▶ [Supplied data]:

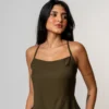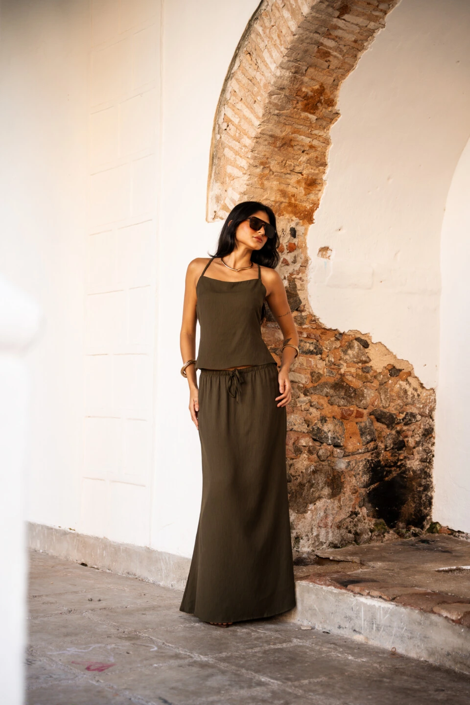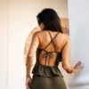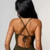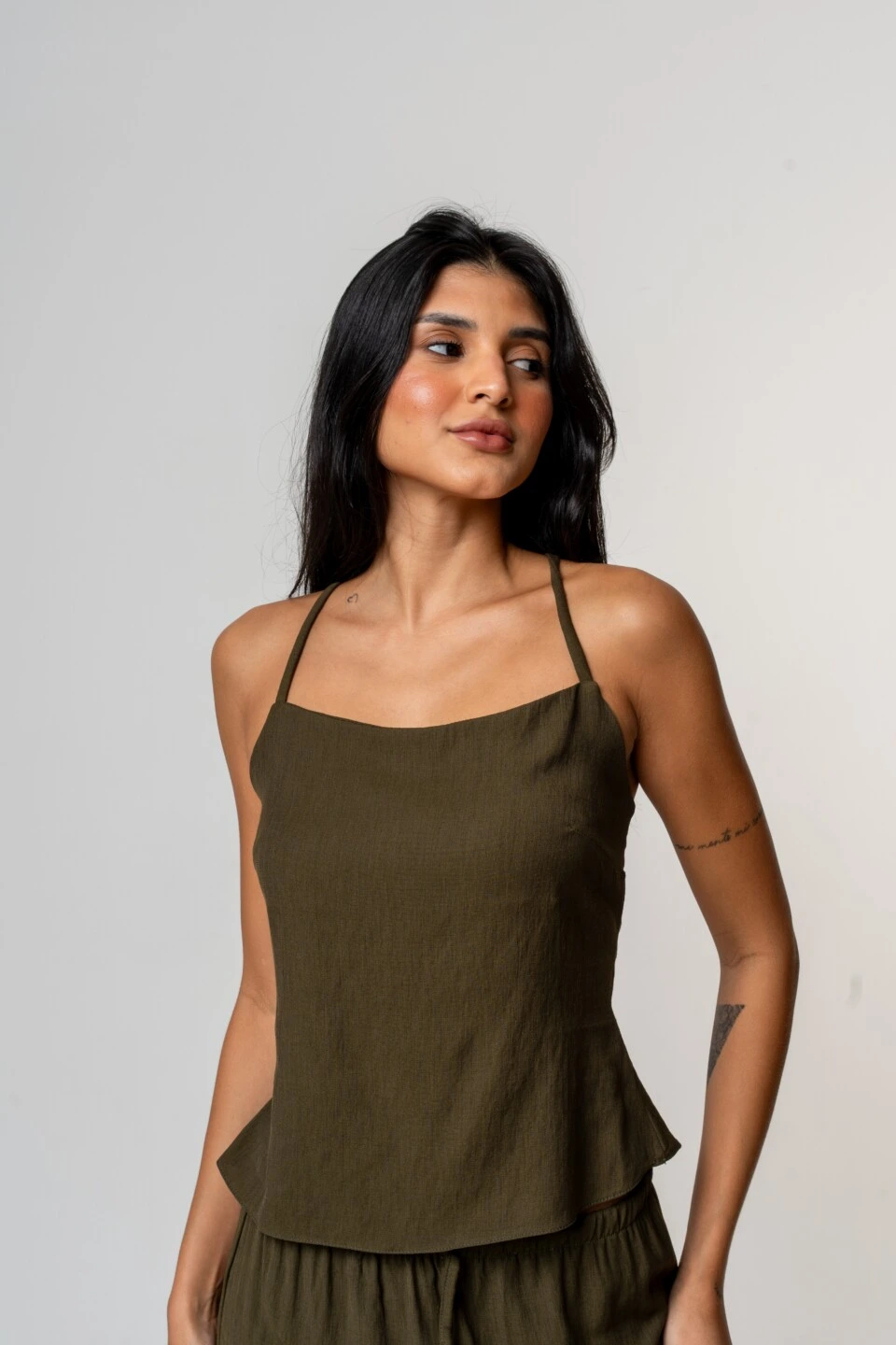 Confeccionada em tecido de textura leve, ela possui modelagem ajustada ao corpo na parte superior e uma barra que traz movimento com ar despojado. O grande destaque fica por conta das costas nuas com tiras cruzadas e amarração em laço, que adicionam um detalhe irresistível e feminino ao visual.
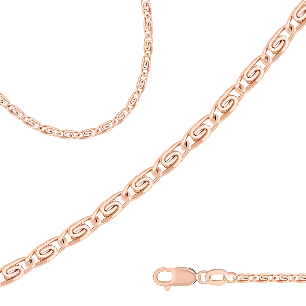 Полновесная цепь из теплого красного золота 585 пробы с оригинальным плетением «Улитка» («Скрепка»)
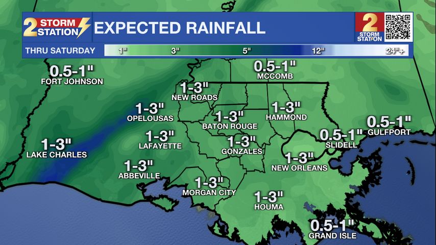 Up Next: By Saturday afternoon, rain chances will start to decrease, though some lingering showers are possible. The temperature will still be mild, topping out around 80°. Conditions should be improving for LSU Baseball to eventually play. Sunday looks like the best day of the weekend for outdoor activities. A spotty shower or thunderstorm remains possible, but overall, it will be warm and partly sunny, with highs climbing to the mid-80s.
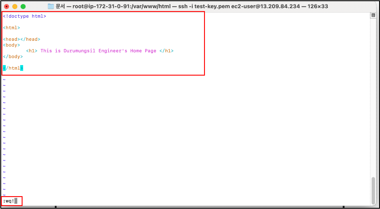 "[ESC] + :wq!"를 통해 저장하고 나가줍니다!

▶ [What you will do]: Any images must be dropped; all other material is to be printed exactly.

▶ [Solution to the problem]:
 Confeccionada em tecido de textura leve, ela possui modelagem ajustada ao corpo na parte superior e uma barra que traz movimento com ar despojado. O grande destaque fica por conta das costas nuas com tiras cruzadas e amarração em laço, que adicionam um detalhe irresistível e feminino ao visual.
 Полновесная цепь из теплого красного золота 585 пробы с оригинальным плетением «Улитка» («Скрепка»)
 Up Next: By Saturday afternoon, rain chances will start to decrease, though some lingering showers are possible. The temperature will still be mild, topping out around 80°. Conditions should be improving for LSU Baseball to eventually play. Sunday looks like the best day of the weekend for outdoor activities. A spotty shower or thunderstorm remains possible, but overall, it will be warm and partly sunny, with highs climbing to the mid-80s.
 "[ESC] + :wq!"를 통해 저장하고 나가줍니다!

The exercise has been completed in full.